▸ **REQUIRED WORK**
Both the line below containing "przedstawiamy propozycję ubezpieczenia" and the line containing "床的亮點(diǎn)設(sh", along with every line between them, should be repeated exactly; no other line belongs in the answer.

*** SOURCE MATERIAL Section Begins ***

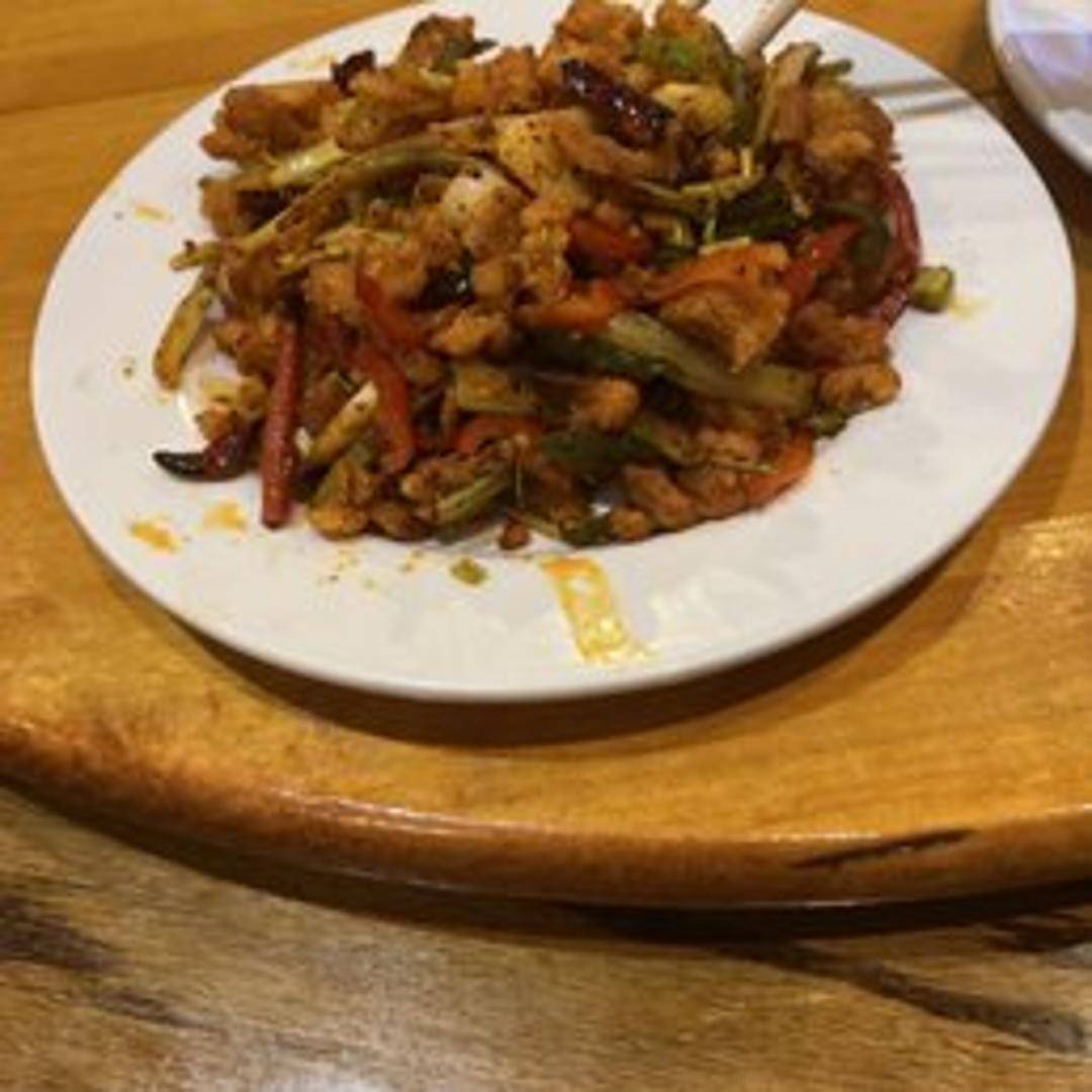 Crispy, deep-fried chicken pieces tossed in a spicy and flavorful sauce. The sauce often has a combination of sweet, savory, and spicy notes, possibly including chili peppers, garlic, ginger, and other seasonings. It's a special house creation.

*** SOURCE MATERIAL Section Ends ***
*** SOURCE MATERIAL Section Begins ***

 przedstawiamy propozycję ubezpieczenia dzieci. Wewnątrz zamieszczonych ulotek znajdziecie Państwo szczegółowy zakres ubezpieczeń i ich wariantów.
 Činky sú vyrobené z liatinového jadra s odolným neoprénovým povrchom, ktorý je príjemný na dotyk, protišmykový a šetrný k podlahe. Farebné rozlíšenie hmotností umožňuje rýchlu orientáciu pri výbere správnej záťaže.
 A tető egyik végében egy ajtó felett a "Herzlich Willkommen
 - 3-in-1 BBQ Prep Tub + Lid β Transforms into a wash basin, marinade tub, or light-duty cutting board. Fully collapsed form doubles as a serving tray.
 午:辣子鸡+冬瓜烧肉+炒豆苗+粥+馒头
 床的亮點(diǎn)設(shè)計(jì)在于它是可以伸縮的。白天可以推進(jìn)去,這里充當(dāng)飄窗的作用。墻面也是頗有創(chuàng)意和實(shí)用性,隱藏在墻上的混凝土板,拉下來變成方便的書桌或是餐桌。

*** SOURCE MATERIAL Section Ends ***
*** SOURCE MATERIAL Section Begins ***

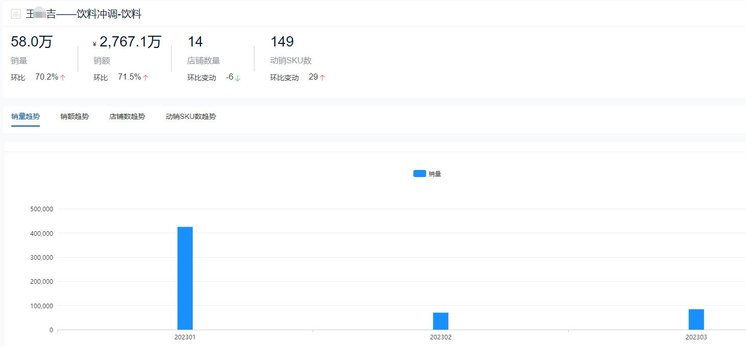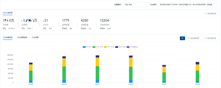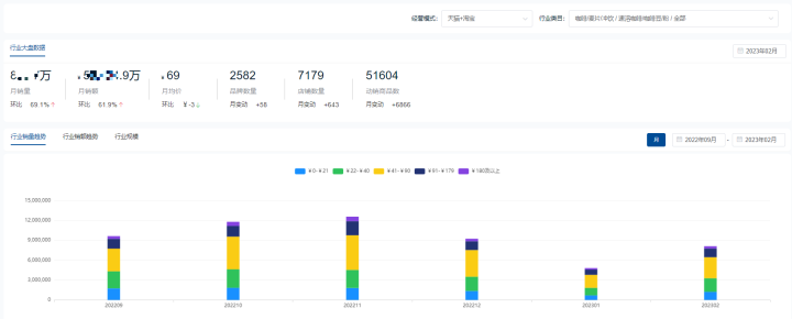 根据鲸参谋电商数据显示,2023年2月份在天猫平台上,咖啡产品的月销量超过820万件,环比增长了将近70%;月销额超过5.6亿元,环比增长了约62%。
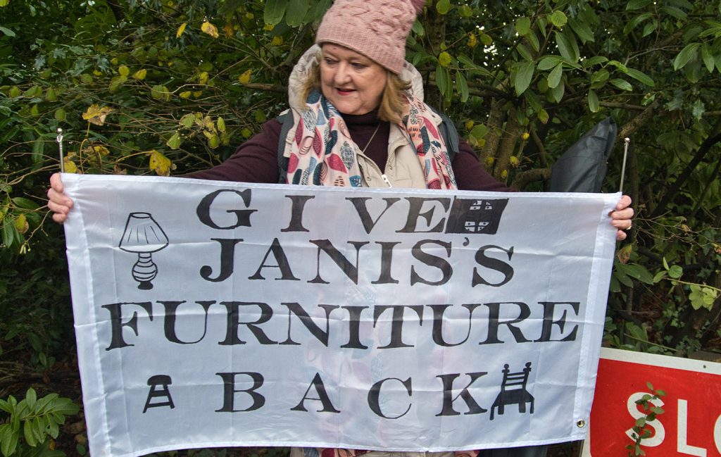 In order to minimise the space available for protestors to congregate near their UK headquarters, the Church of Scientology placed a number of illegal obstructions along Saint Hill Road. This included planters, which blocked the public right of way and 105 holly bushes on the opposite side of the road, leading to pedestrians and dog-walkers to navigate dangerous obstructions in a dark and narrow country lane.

*** SOURCE MATERIAL Section Ends ***

▸ **ANSWER**
 przedstawiamy propozycję ubezpieczenia dzieci. Wewnątrz zamieszczonych ulotek znajdziecie Państwo szczegółowy zakres ubezpieczeń i ich wariantów.
 Činky sú vyrobené z liatinového jadra s odolným neoprénovým povrchom, ktorý je príjemný na dotyk, protišmykový a šetrný k podlahe. Farebné rozlíšenie hmotností umožňuje rýchlu orientáciu pri výbere správnej záťaže.
 A tető egyik végében egy ajtó felett a "Herzlich Willkommen
 - 3-in-1 BBQ Prep Tub + Lid β Transforms into a wash basin, marinade tub, or light-duty cutting board. Fully collapsed form doubles as a serving tray.
 午:辣子鸡+冬瓜烧肉+炒豆苗+粥+馒头
 床的亮點(diǎn)設(shè)計(jì)在于它是可以伸縮的。白天可以推進(jìn)去,這里充當(dāng)飄窗的作用。墻面也是頗有創(chuàng)意和實(shí)用性,隱藏在墻上的混凝土板,拉下來變成方便的書桌或是餐桌。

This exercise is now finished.